George Homans was born August 11, 1910, in Boston, Massachusetts, the eldest child of Robert Homans, a lawyer and a fellow of Harvard Corporation, and of Abigail Adams Homans, a descendant of President John Adams. He married Nancy Parshall Cooper in 1941, and they had two children, Elizabeth Susan and Peter. Homans attended the prestigious St. Pauls preparatory school in Concord, New Hampshire, from 1923 to 1928 and graduated from Harvard University in English literature in 1932. Although he came from a long line of lawyers Homans opted to become a junior fellow in sociology at Harvard, 1934 to 1939, and then as professor of sociology when he was invited.

Homans taught at Harvard from 1939 to 1941, served four years as a naval officer during World War II, and then returned to Harvard where he was a faculty member from 1946 until 1970, when he retired. Homans was a fellow at the Center for Advanced Studies in the Behavioral Sciences, president of the American Sociological Association, and a member of the National Academy of Sciences.

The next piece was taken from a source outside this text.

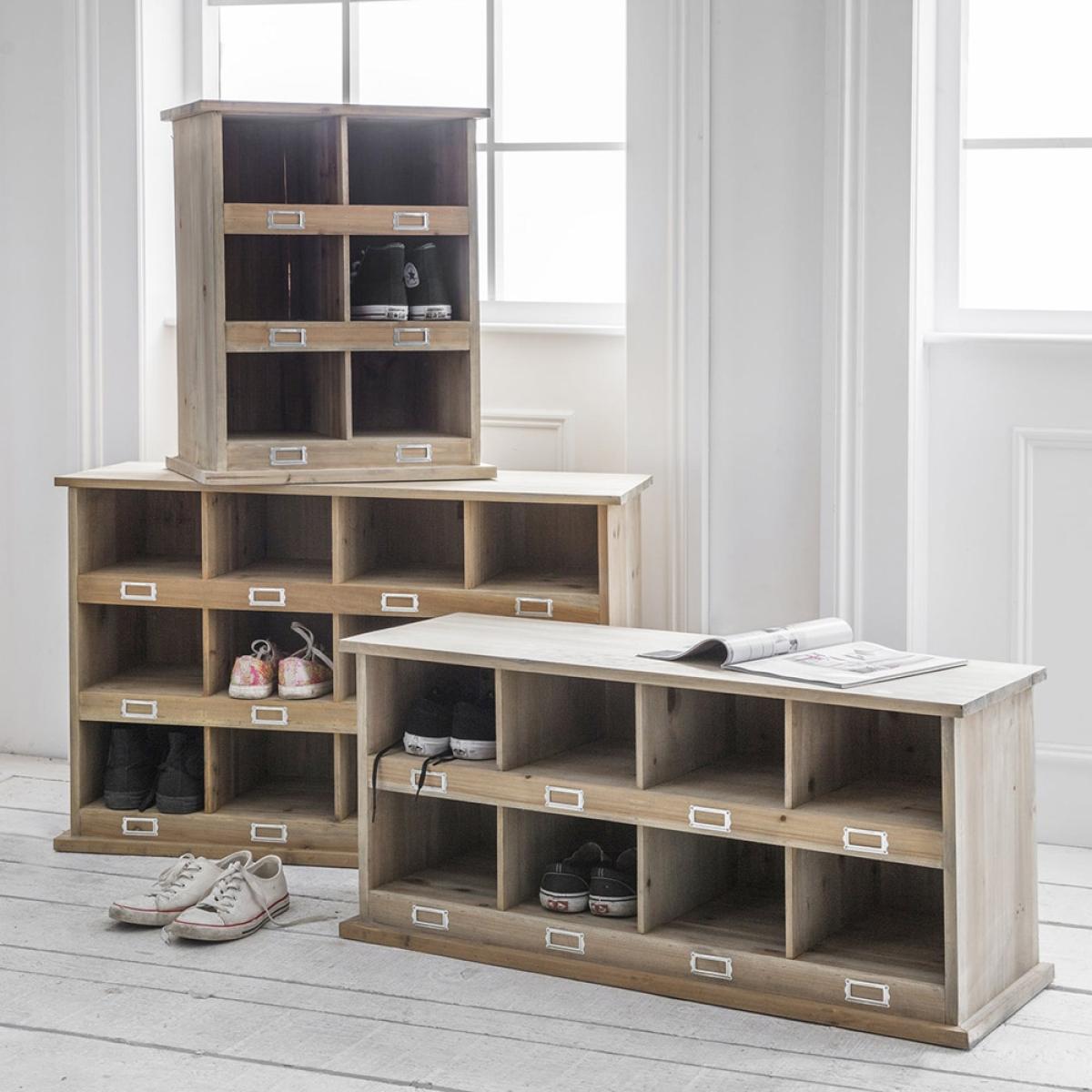 Inspired by traditional school lockers, the Chedworth Wooden Shoe rack is the perfect storage solution for a busy family home. If you're fed up of tripping over endless shoes, trainers or boots this shoe storage cabinet boasts plenty of room; offering a neat and tidy solution for any hallway, porch or utility room. Available in a choice of 3 sizes with 6, 8 or 12 cubby holes - there is even space for the super organised to add labels to each cubby hole. Made from Fir and finished in a grey wash, this stylish shoe organiser will compliment any interior space.

English Villagers of the Thirteenth Century (1941) was the book that probably earned Homans tenure at Harvard. In his seminars he had been trained to look for relationships between variables. In this investigation the variables were two kinds of field systems (open and non-open); two settlement patterns (villages surrounded by farm lands and houses dispersed on individual family holdings); and two kinds of inheritance patterns (one in which the eldest son obtained all the family land and the other where all sons received an equal share). He discovered a high statistical correlation between these institutions: the open field system was associated with the village settlement pattern and inheritance by the eldest son. He later discovered that the two systems had different units of local government, different names for those units, differences in the peasant holdings, and different social classes among the peasants. These findings thrilled him because he had been trained to look for social systems, which are evidenced if the institutions of one are systematically interrelated and different from those of another. He ultimately found that the two social systems were part of the imported culture of two different sets of Germanic immigrants. This was a disappointment to Homans, however, because he never liked cultural explanations, even in graduate school.

Of Homans' books, the Human Group (1950) was the most popular, used by two generations of sociologists in courses on small groups and sociological theory. He composed it by hand at his summer house in Quebec, where he wrote easily, quickly, and with considerable charm. As an exercise in general theory, he showed how three classes of variables (interaction, sentiments, and activities) are mutually related in the behavior of group members (the internal system) but also in the relationship of the group to its physical and social environment (the external system). He presented accounts of five concrete field studies of groups by other investigators and showed how the data are appropriately classified under each of the variables in both the internal and external system and how the variables and systems relate to each other. An illustrative example of his propositions: the more frequently two persons in a group interact, the more apt they are to like one another.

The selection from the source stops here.